# [RECORDED DATA]
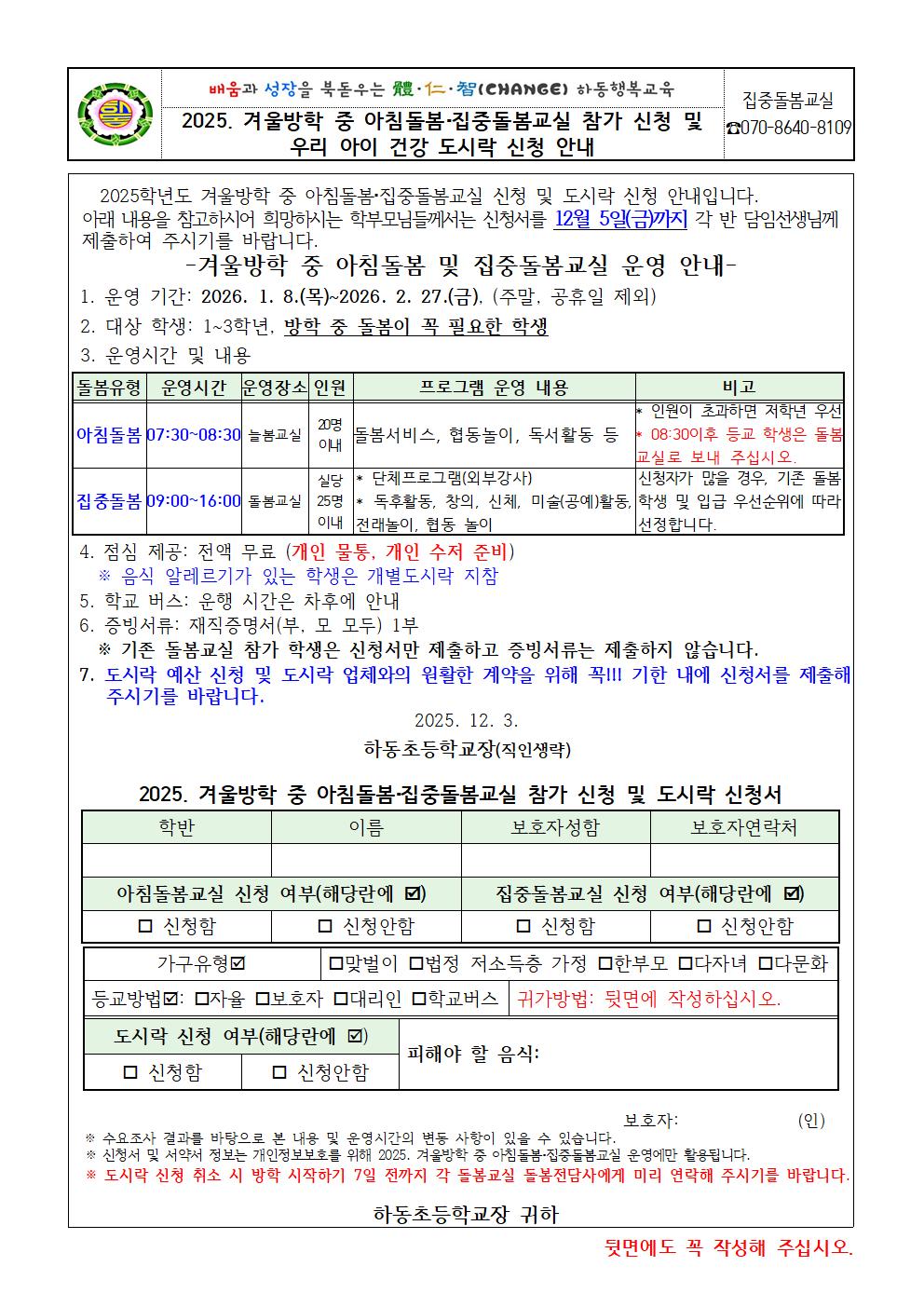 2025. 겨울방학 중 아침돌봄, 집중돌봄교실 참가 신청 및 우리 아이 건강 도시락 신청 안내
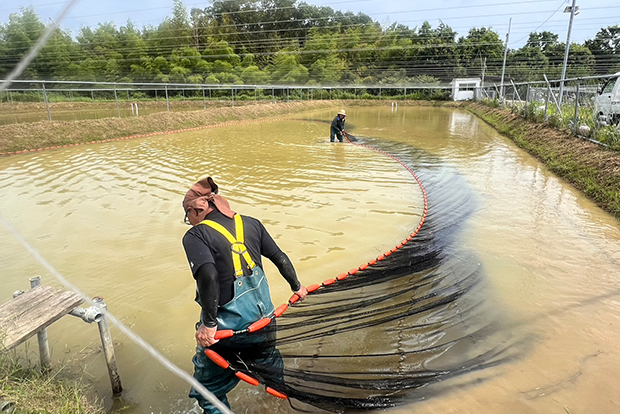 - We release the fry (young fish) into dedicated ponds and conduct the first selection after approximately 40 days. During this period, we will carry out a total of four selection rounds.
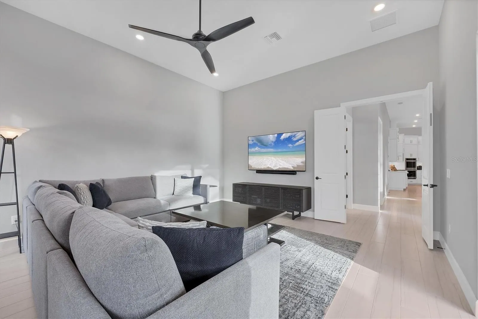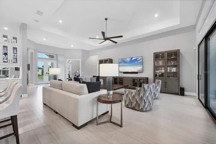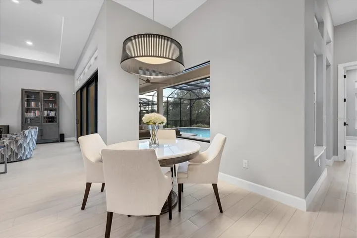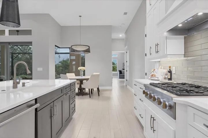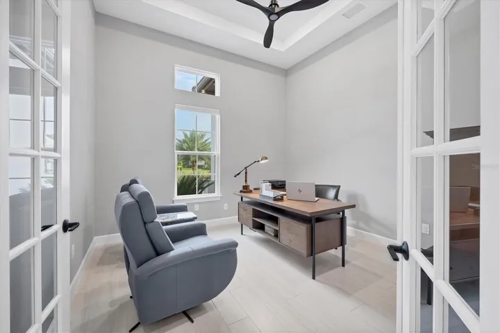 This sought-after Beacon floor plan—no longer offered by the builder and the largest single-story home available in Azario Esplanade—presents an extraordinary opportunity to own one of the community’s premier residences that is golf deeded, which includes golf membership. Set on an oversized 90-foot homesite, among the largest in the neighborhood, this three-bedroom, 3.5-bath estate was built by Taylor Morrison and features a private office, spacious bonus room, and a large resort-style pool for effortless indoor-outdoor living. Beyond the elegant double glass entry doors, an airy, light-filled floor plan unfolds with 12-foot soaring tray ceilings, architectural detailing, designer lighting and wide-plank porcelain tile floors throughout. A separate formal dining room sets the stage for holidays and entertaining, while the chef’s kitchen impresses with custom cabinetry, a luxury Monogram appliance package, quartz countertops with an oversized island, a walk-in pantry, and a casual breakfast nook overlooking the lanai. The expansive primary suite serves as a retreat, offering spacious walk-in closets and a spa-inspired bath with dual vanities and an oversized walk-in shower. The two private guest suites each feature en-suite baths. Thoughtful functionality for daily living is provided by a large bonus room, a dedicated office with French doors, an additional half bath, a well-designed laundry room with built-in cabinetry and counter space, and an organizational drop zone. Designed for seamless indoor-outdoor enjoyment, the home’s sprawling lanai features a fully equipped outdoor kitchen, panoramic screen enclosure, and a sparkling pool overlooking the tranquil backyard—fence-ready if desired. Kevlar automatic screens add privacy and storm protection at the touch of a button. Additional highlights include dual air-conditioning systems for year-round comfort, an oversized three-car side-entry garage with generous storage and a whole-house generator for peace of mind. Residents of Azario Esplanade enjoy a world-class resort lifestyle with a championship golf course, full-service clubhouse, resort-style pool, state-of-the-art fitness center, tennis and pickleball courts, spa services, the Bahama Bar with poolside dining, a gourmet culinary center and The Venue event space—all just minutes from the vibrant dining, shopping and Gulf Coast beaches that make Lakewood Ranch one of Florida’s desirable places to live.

# [TASK OBJECTIVE]
Skip the pictures, please, and transcribe only the lines from the beginning of the material through the one that contains "- We release".

# [REPLY]
 2025. 겨울방학 중 아침돌봄, 집중돌봄교실 참가 신청 및 우리 아이 건강 도시락 신청 안내
 - We release the fry (young fish) into dedicated ponds and conduct the first selection after approximately 40 days. During this period, we will carry out a total of four selection rounds.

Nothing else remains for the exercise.